When an actor or actress is charged with portraying a mentally

disturbed person, there’s an inherently added degree of difficulty.

When they’re creating the role -- in a world premiere -- that raises

the challenge bar considerably.

Deborah Van Valkenburgh is doing just that, through Oct. 6, at the

Laguna Playhouse with the role of Emily Mavin in Jon Marans’ new play

“Jumping for Joy.” And she’s doing it superbly.

“I feel really grateful to have the opportunity of beginning this

process,” Van Valkenburgh declared during an interview prior to last

Sunday’s matinee. “Most actors just re-create things. It’s very

special to be able to build a character from the ground up.”

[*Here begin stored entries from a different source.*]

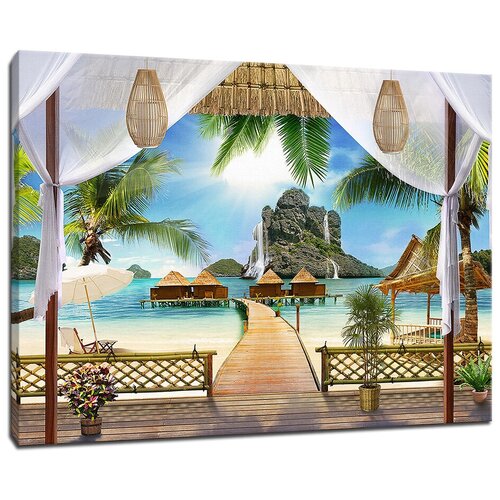 Картина Уютная стена "Вид из бунгало на пляж Таиланда" 90х60 см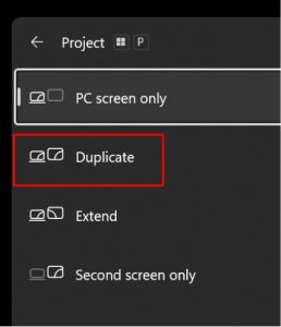 - It should connect automatically, but if it doesn’t, press the display button which is to the right of the ESC key on the keyboard. A window will come up, select duplicate: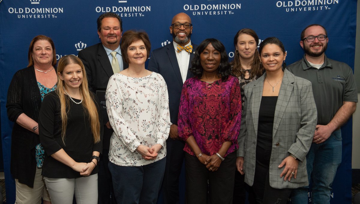 Graduates pose for one final group shot before they go their separate ways. Photo Chuck Thomas/ODU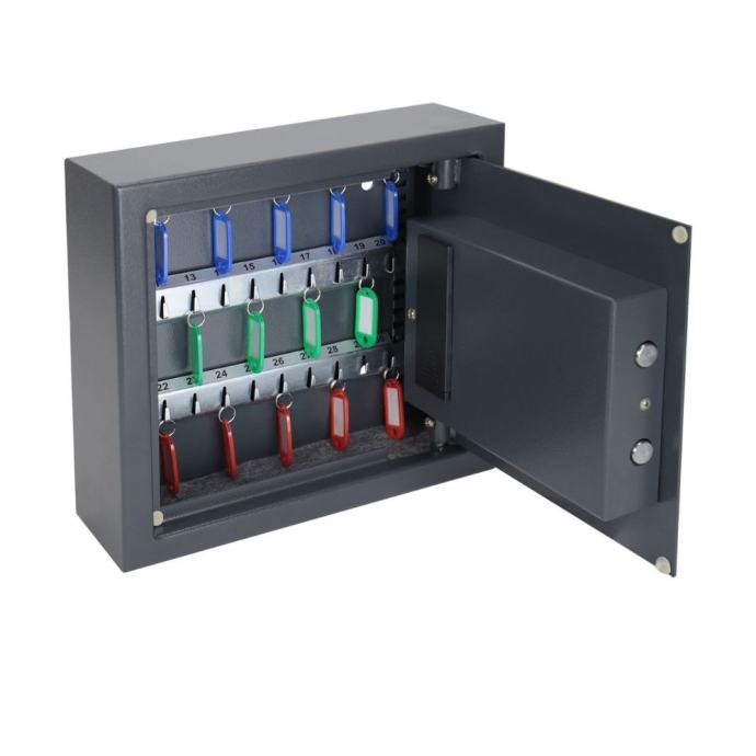 Uz naš sef dolazi s sve što vam je potrebno za brzu i jednostavnu montažu na zid, uključujući i 30 privjesaka za ključeve u različitim bojama za lako prepoznavanje. Praškasti premaz u antracit boji osigurava dugotrajnu zaštitu od ogrebotina.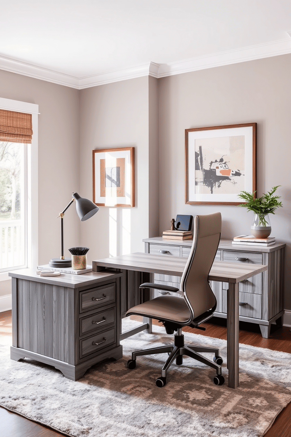 A sophisticated home office featuring a gray color palette complemented by neutral tones. The room includes a sleek gray desk with a minimalist design, paired with a comfortable beige ergonomic chair.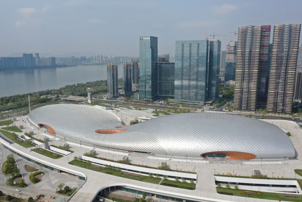 2021年8月2日拍攝的杭州奧體中心場館群(無人機照片)。新華社發(fā)(杭州亞組委供圖)

The actress plays the schizophrenic older sister of the play’s

central character, her younger brother, who returns home to take care

of his father after he has suffered a heart attack. As it turns out,

however, it’s the loose cannon Emily who needs a caretaker -- since

when the father passes on, a decision must be reached on what is to

become of her.

“I feel like I still have other things to figure out about this

character, other areas to explore with her,” Van Valkenburgh said.

“Much of what she’s feeling doesn’t get to be shown on stage, if that

makes sense. She’s at once intelligent and volatile.”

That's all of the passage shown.